It is not a good time to be a student at Columbia University.  This is a report about the second data breach that they’ve suffered in the last 12 months.  And it is the same type of problem.  All in all, the problem revolves around access to social security numbers.  For some reason, the university doesn’t seem to recognize the importance of keeping this data secure.  Perhaps the school’s administration hasn’t heard of the crime known as identity theft.  Maybe they have and just don’t care.

What has set the students into an uproar was the announcement that 5,000 of their social security numbers have been available on an online database that anyone could access.  Not only was the data on the web, but it was also in a searchable format, which leaves the door open for even more specifically malicious activities.  The topper though, if that is possible, is that the breach has been occurring for the last 16 months.  Over that time period, there is no figure for how many people have accessed the data.  There is also a lack of accountability among the network security administrators of the university.

Students were alerted in an email on Tuesday to bring the matter to their attention.  The university found out about the breach when an alumni contacted the school about the website.  Apparently a student in the housing department posted the material without realizing that it was unsecured.  Upon request, Google took down the website and the university believed that the threat had been contained.  Unfortunately, on Wednesday, students alerted university officials that the data for over 200 students was still available.  A petition has begun circulating around campus to show the discontentment of the student body with what appears to be an inept administration.  This is only emphasized when people think back to a similar problem that developed in April 2007 in the housing department.  Demands listed in the petition involve criminal investigations behind the people responsible for posting the private data online, in addition to a detailed description of how the university plans to increase their electronic security.
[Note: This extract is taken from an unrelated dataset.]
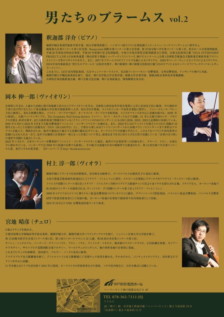 2025年12月6日(土) «男たちのブラームス»室内楽演奏会のご案内☆ 岡本伸一郎 出演公演 2025.10.302025.11.01 第二回目となります【男たちのブラームス】の演奏会に出演いたします!同年代で活躍する仲間達との熱い演奏をご期待ください(^^)♪チケットのお取り置きは【お問い合わせ】からも承っております♪ 【日程】 2025年12月6日(土)【場所】 神戸新聞 松方ホール【時間】 14:30開場 15:00開演【チケット】 一般/4000円 松方ホール友の会会員/3500円チケットのお申込みは、デュオオカモトホームページの【お問い合わせ】からも承っております。

While university officials have sworn to not rest until this issue gets resolved and the security features of all Columbia systems updated, no one appears to be holding their breath.  The university has agreed to provide subscriptions to ID theft services for two years.  These companies, such as Lifelock, monitor all three credit bureaus for illicit activity.  For a nominal fee, that the university is picking up in this specific case, customers are alerted whenever a new loan is opened or a credit card application is filed.  These ID theft services are available on a personal basis too and not just for people involved in large sized data breaches.